New York v. Ferber
Headline: Ban on selling sexual films or photos of children under 16 is upheld, allowing states to prohibit distribution even when the material is not legally obscene, affecting booksellers and distributors nationwide.
Holding: The Court held that New York may criminally prohibit the knowing promotion or distribution of visual sexual performances by children under sixteen, treating such materials as unprotected by the First Amendment even if not legally obscene.
- Allows states to ban selling or distributing visual sexual images of children even when not legally obscene.
- Gives law enforcement broader tools to dry up markets that fund child sexual exploitation.

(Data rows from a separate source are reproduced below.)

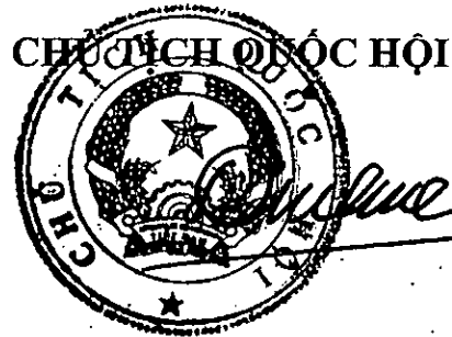
Vương Đình Huệ

Nghị quyết này được Quốc hội nước Cộng hòa xã hội chủ nghĩa Việt Nam khóa XV, kỳ họp bất thường lần thứ 5 thông qua ngày 18 tháng 01 năm 2024.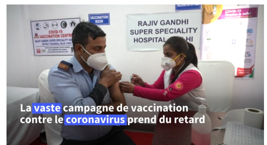
La vaste campagne de vaccination contre le coronavirus prend du retard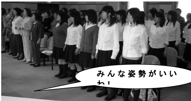
みんな姿勢がいいわ!

ジュニアの部と一般の部に分けて講習がありました。ジュニアの部では、小さい子も一生懸命練習していました。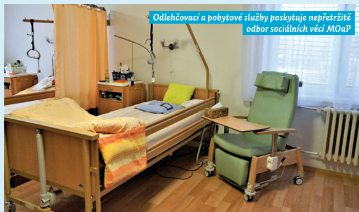
Odehčovací a pobytové služby poskytuje nepřetržitě odbor sociálních věcí MOaP

nižší úhrada činila 13 Kč, nejvyšší 11 573 Kč. Pro klienty je důležitá dosažitelnost sociálních služeb, bytové zázemí a bezpečnost, 95% klientů ohodnotilo naši péči na výbornou, 4% na chvalitebnou a 1% klientů ohodnotilo péči jako dobrou. V roce 2024 jsme získali dotaci Ministerstva práce a sociálních věcí na provozování pečovatelské služby ve výši 3 800 tisíc korun.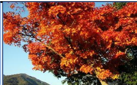
最後のサービスエリアで見た紅葉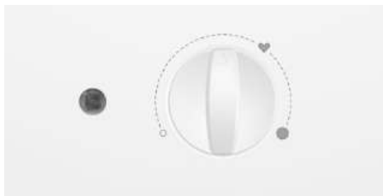
Рисунок 2. Панель управления водонагревателя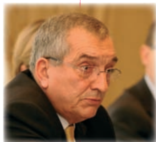
Jean-Jacques Hyest, Sénateur, Président de la commission des lois. Journée Prévention, septembre 2008.

La procédure d'alerte a été déclenchée dans plus de 3 000 cas.

- Booksellers, publishers, and exhibitors face criminal risk when distributing such visual material.
Summary
Background
New York passed a law making it a crime to promote or distribute visual sexual performances by children under 16. A Manhattan bookseller sold two films showing young boys masturbating to an undercover officer. He was convicted under the New York statute that did not require the films to be legally obscene; a New York appeals court reversed his conviction on First Amendment grounds, and the State asked the Supreme Court to decide the question.
Reasoning
The Court held that the State has a compelling interest in protecting children from sexual exploitation and that the distribution of visual images of child sexual conduct is closely tied to the production and harm to the child. The majority treated such visual depictions of children as a category separate from ordinary obscenity rules, meaning a jury need not find prurient appeal, patent offensiveness, or consider the work as a whole. The statute requires knowledge of the content (scienter). The Court found the law sufficiently specific and not substantially overbroad and allowed prosecution even for materials produced outside the State.
Real world impact
The decision means states may criminally target people who sell, advertise, or distribute visual sexual material involving children even if those materials would not meet traditional obscenity tests. Booksellers, distributors, and producers of visual material face criminal exposure, while law enforcement gains tools to reduce the market that funds exploitation. The ruling leaves room for case-by-case defenses and does not automatically strip protection from nonvisual or clearly educational uses.
Dissents or concurrances
Several Justices agreed with the judgment but differed about scope: one stressed the law need not exempt materials of serious social value; another warned that banning serious artistic or scientific works would violate free speech; a third urged narrower, case-by-case resolution.